2. The integrated lithography equipment of claim 1, wherein the
idle and transport area comprises an isolating system to thermally
isolate wafers from other heat emitting devices.
3. The integrated lithography equipment of claim 2, wherein the
isolating system comprises a thermal shield for at least shielding
the plane between the other heat emitting devices and the
wafers.
4. The integrated lithography equipment of claim 2, wherein the
isolating system comprises a thermal shield for covering the
wafers.
5. The integrated lithography equipment of claim 1, wherein the
idle and transport area comprises a heating/cooling system to
stabilize the temperature of the wafers.
6. The integrated lithography equipment of claim 1, wherein the
idle and transport area comprises a heating/cooling system to
stabilize the temperature of other heat emitting devices.
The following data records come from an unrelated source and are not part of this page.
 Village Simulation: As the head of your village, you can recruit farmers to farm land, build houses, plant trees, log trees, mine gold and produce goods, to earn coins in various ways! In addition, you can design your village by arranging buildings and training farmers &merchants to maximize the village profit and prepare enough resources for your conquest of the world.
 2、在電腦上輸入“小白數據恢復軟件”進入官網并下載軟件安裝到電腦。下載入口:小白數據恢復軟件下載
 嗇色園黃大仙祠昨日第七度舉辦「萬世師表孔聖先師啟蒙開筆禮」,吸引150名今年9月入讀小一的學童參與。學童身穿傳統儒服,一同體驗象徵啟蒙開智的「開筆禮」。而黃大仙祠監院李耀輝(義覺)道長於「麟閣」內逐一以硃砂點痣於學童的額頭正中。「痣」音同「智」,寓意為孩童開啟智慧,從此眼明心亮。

7. The integrated lithography equipment of claim 1, further
comprising a gap between the coating and developing area and the
exposure processing area.
8. The integrated lithography equipment of claim 7, further
comprising at least one wafer cassette accommodating the wafers,
wherein the wafer cassette comprises a heating/cooling system.
9. A lithography process, comprising: providing a wafer; performing
a first process to the wafer in a first processing area to obtain a
processed wafer; and idling or transporting the processed wafer
isothermally or adiabatically in an idle and transport area to a
second processing area for a second process.
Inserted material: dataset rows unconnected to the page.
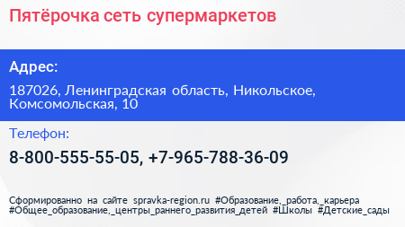 Пятёрочка, сеть супермаркетов по адресу 187026, Ленинградская область, Никольское, Комсомольская, 10 в дальнейшем Организация, размещена в следующих категориях:
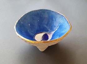 biały porcelanowy trójnóg z ręcznie wytłaczanymi wzorami, szkliwiony z wtopionym szkłem witrażowym. Zdobiony upłynnionym 22-karatowym złotem, wypalany w tem. 1220 C
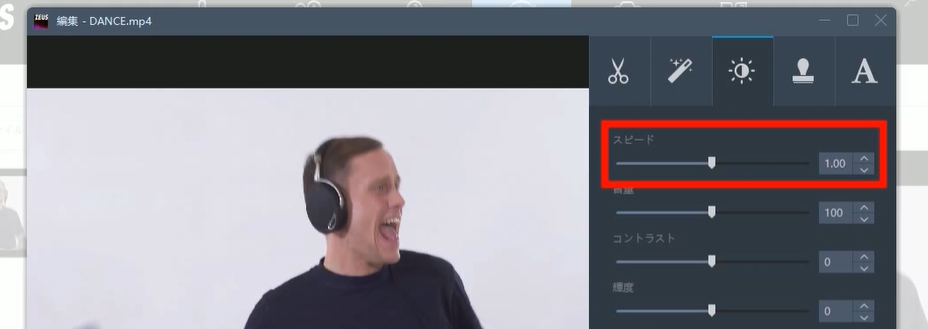 「ZEUS EDIT」 では、動画の再生速度を変更することも可能です。
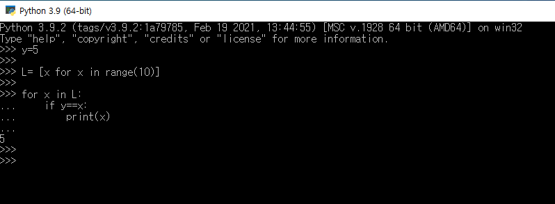 마지막으로, 0부터 9까지 총 10개의 데이터가 저장된 리스트에서 5와 같은 경우의 데이터만 출력하는 프로그램을 짤 경우에는 비교 연산문 '=='을 사용하여 해당 조건의 결과를 얻는 프로그램을 만들 수 있다.
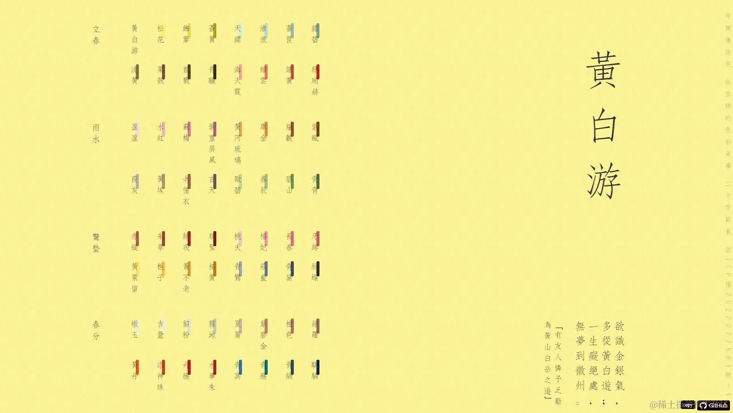 GitHub:GitHub - flinhong/colors: 青山绿水,白草红叶黄花。颜色都该有它好听的名字!

10. The lithography process of claim 9, wherein the first process
is a coating or developing process and the second process is an
exposure process.
11. The lithography process of claim 9, wherein the first process
is an exposure process and the second process is a coating or
developing process.
12. The lithography process of claim 9, wherein the idle and
transport area comprises an isolating system to thermally isolate
wafers from other heat emitting devices.
13. The lithography process of claim 12, wherein the isolating
system comprises a thermal shield for covering the processed
wafer.
14. The lithography process of claim 12, wherein the isolating
system comprises a thermal shield for at least shielding the plane
between the other heat emitting devices and the processed
wafer.
15. The lithography process of claim 9, wherein the idle and
transport area comprises a heating/cooling system to stabilize the
temperature of the processed wafer.
16. The lithography process of claim 9, wherein the idle and
transport area comprises a heating/cooling system to stabilize the
temperature of other heat emitting devices.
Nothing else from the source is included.